RESPONSE: Wal-Mart makes it clear that this is on the shared services side of their finance business and the buyers are aligned with this strategy. (Shared services does auditing for retailer and looks for ways to make the retailer more profitable by recovering costs from suppliers.) Making an appeal with the buyer may not be as fruitful because of this alignment to shared services.
MYTH: Wal-Mart is tweaking the terms of payments which will now be tied to rate of sales just because they can do so.

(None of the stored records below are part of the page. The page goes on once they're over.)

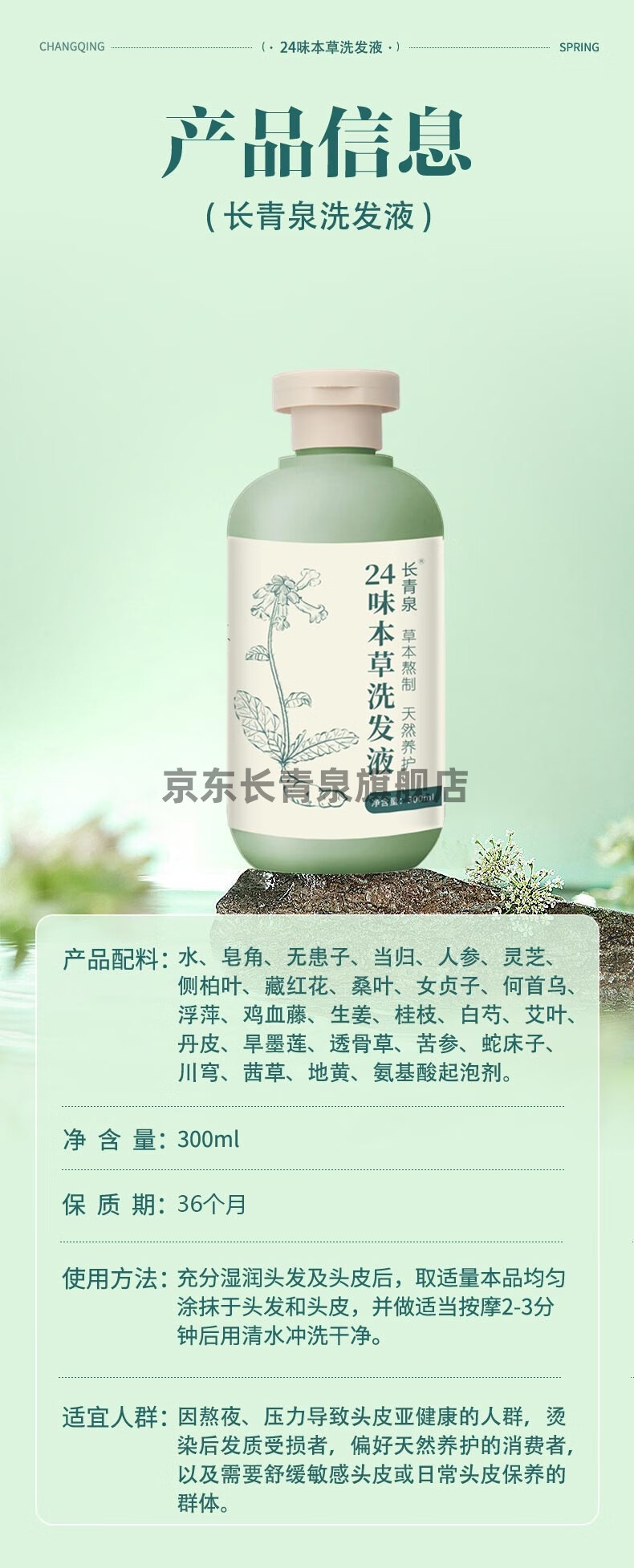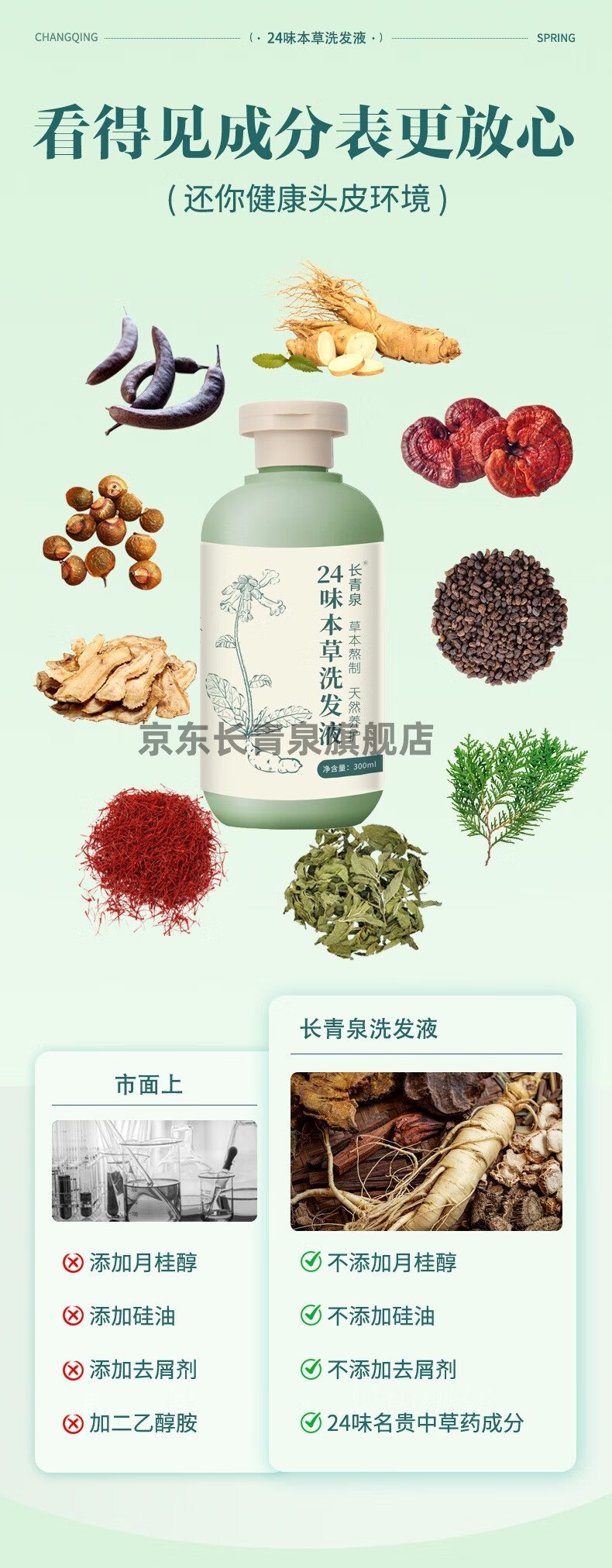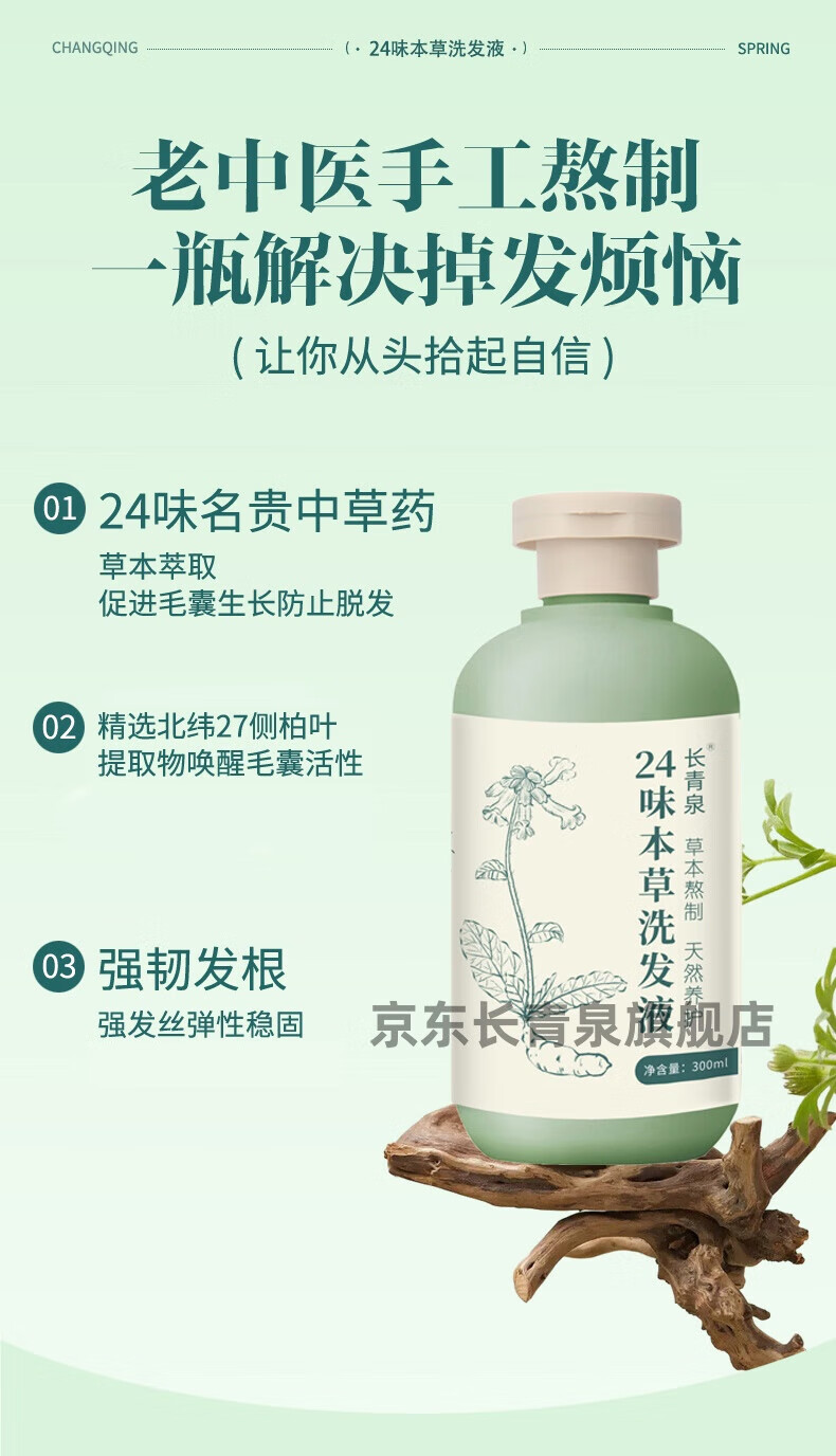 长青泉24味本草洗发水洗发液草本精华古法熬制侧柏叶何首乌生姜 单瓶装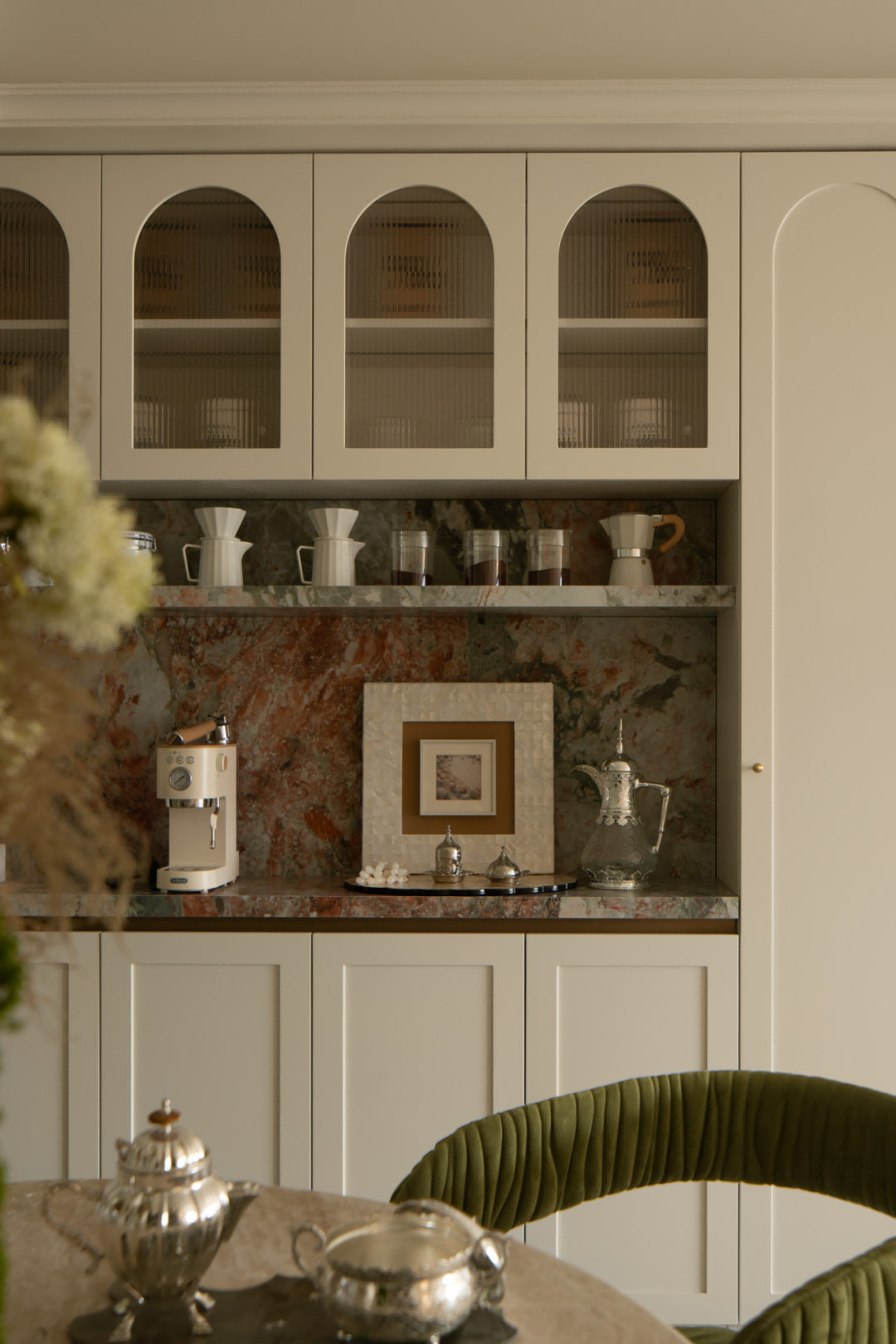 餐边柜是经典的法式珍珠白配以粉绿斑斓石纹,精致的咖啡器皿摆放其上,带着点点怀旧韵味。咖啡的幽香带领你寻访那片追求仪式感的精神土壤,品味那香醇带来的感官以外的满足。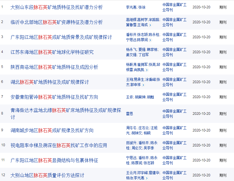 中国粉体网讯 中国粉体网编辑近日发现,在最新一期(2020年05期)的中国非金属矿工业导刊上,密集刊登了以“脉石英”为主题的十几篇相关论文,内容涉及全国各大矿区脉石英的成矿规律及找矿方向等专业研究。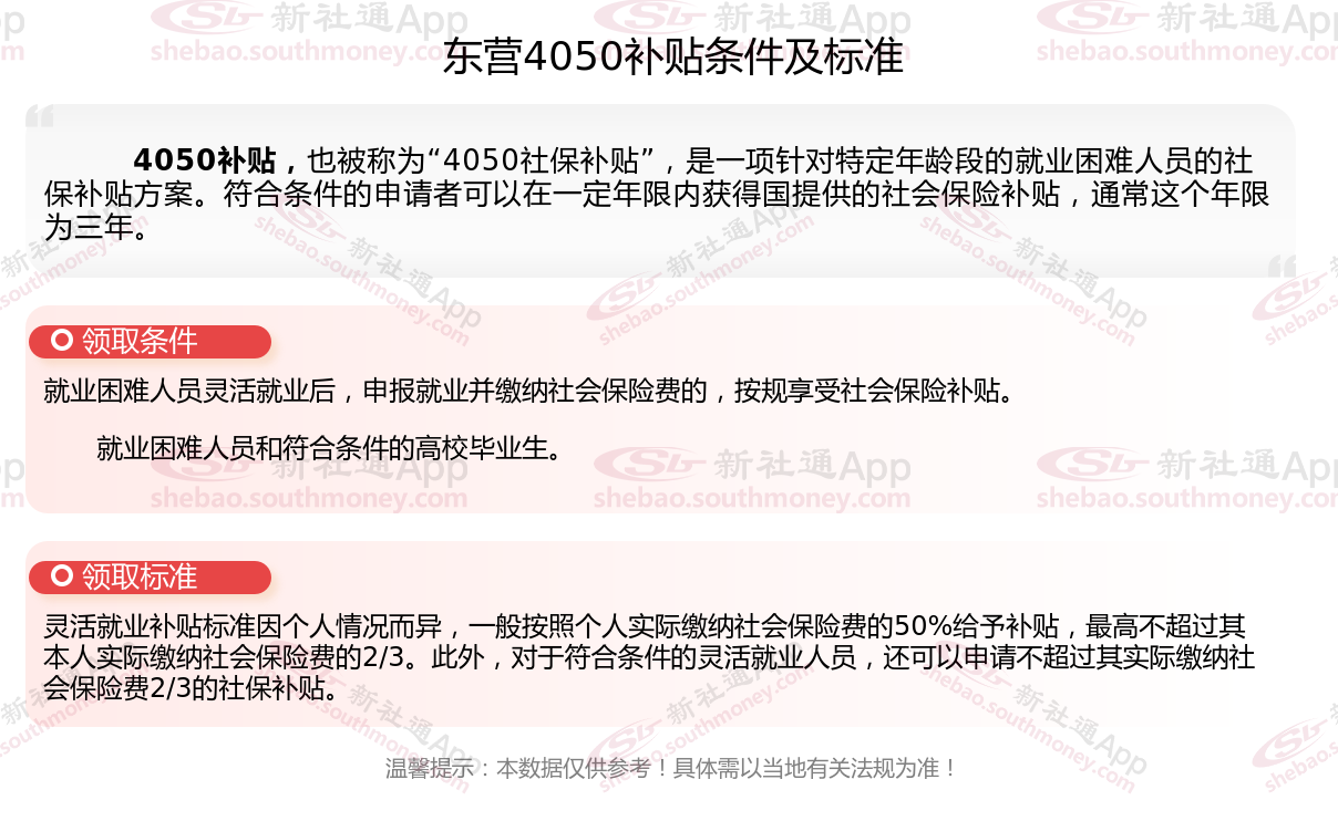 二、2025年东营灵活就业4050社保补贴标准及条件是什么?来了解一下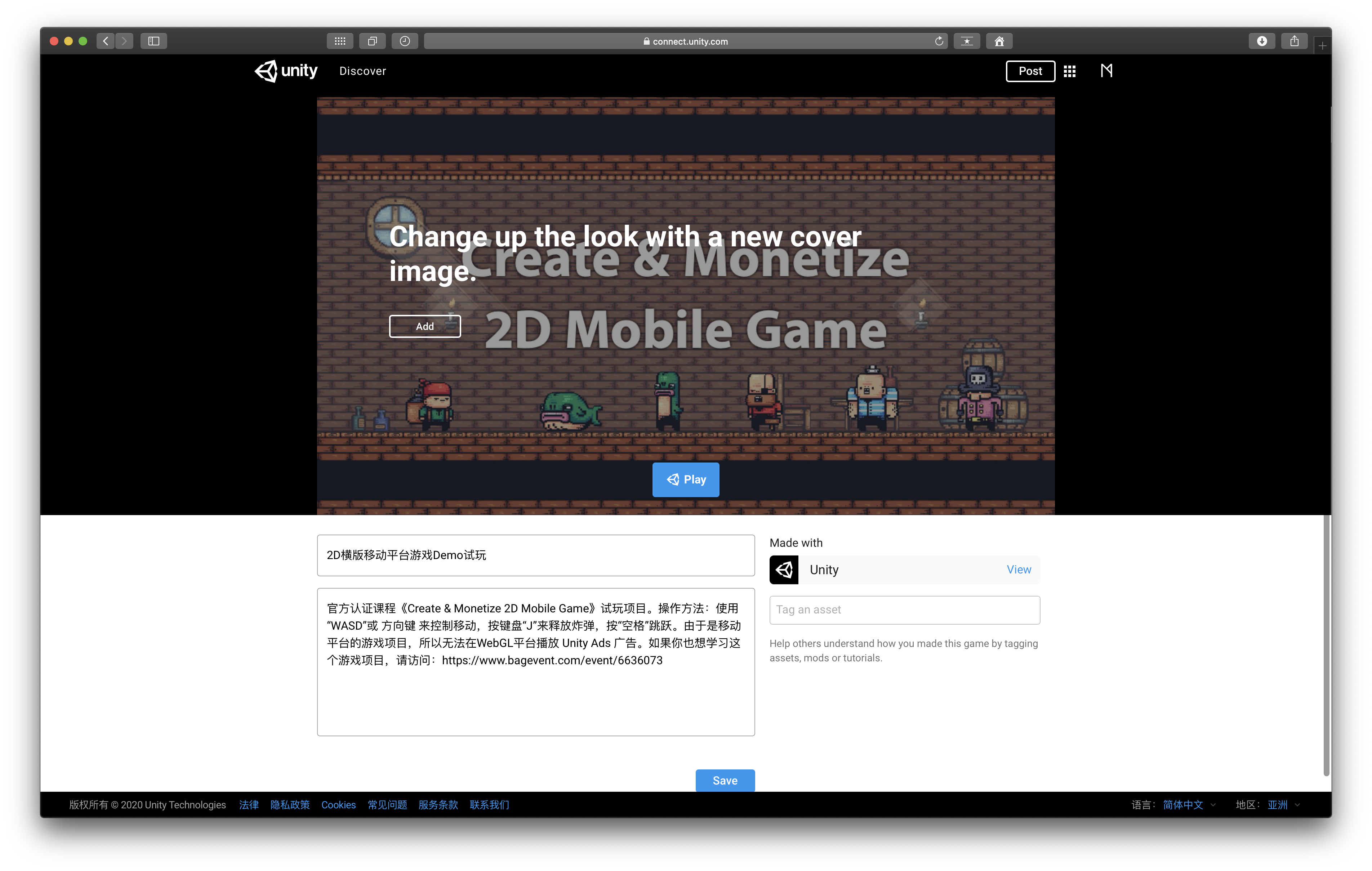 至此你就成功上传好了 WebGL 平台的游戏了!可以把网址分享给你的朋友试玩啦!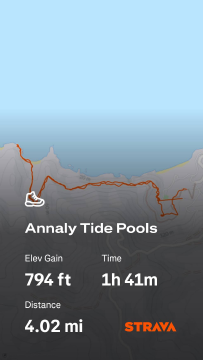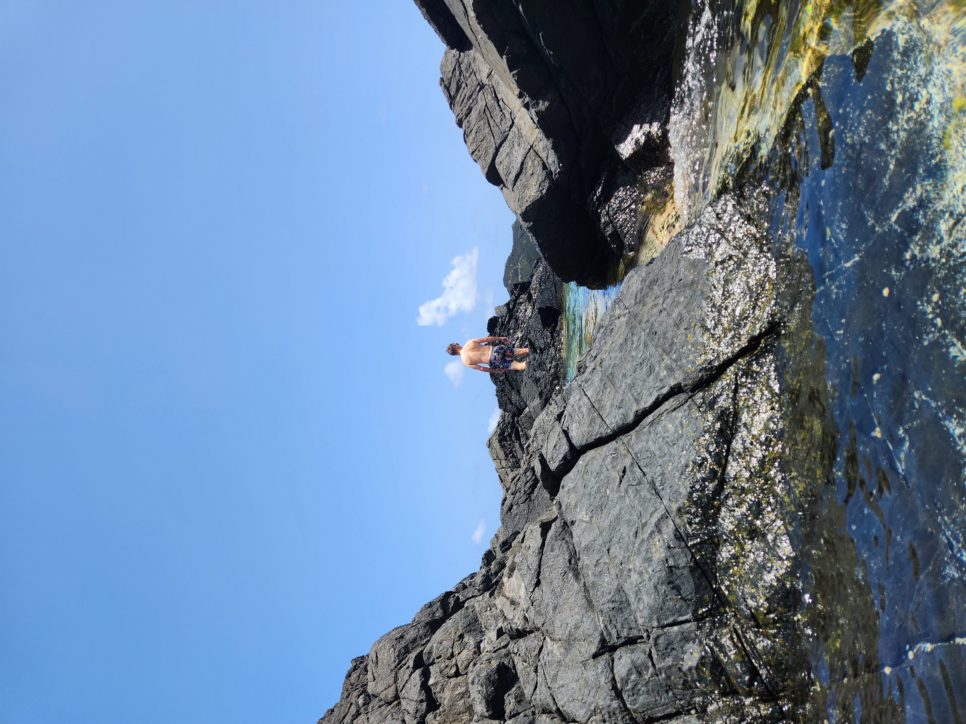 When we were satisfied with our tidal pool exploration we decided to head back to our stuff for lunch. As we retraced our steps I decided that the best way to get back into the final pool was by jumping off the 10 foot rock face rather than trying to climb down and I bravely leapt in and Scott followed. We had lunch sitting on a rock in the first pool taking in the sights around us and watching other people discover the pools. We then packed up and hiked the two miles back out. I took Scott’s advice to wear my sneakers that I had brought just in case my Teva sandals became uncomfortable and was much more surefooted on the hike back out.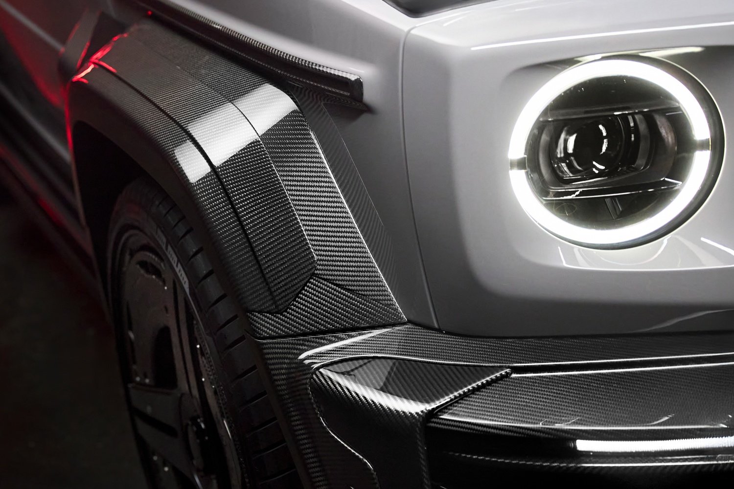 - Grilă de radiator iluminată, din carbon expus cu emblemă BRABUS luminată

RESPONSE: Wal-Mart does not want to pay for the merchandise before they sell it. Tying payment to sales rates will help alleviate this negative working capital. Amazon does it all the time and so do lots of other retailers. In certain categories like back-to-school the working capital could be tied up for 90 to 120 days in most cases, the same is true for seasonal holiday merchandise.
MYTH: If you give Wal-Mart extended dated on payment terms, will this perhaps open the door for other retailers to demand the same?
RESPONSE: Yes, retailers routinely share best practices with one another several times annually through various forums. You can bet if you give extended dating on payment terms to Wal-Mart then other retailers will likely be asking for it as well.
MYTH: There are no hidden concerns in the contract changes which I also need to be aware?
RESPONSE: Please be aware of the “defective allowance” that Wal-Mart mentions in the contract terms. The retailer wants this allowance to accurately reflect the true situation. Please remember that any markdown at the store level could be classified as “defective” so you want to make sure any agreement you make regarding defective losses is done through a true accounting process. You don’t want to end up having retailer shrink issues tacked onto your costs when they should not apply. Defective allowances can range from 0.25% to as high as 3%, depending upon the item. It is a metric that suppliers should benchmark.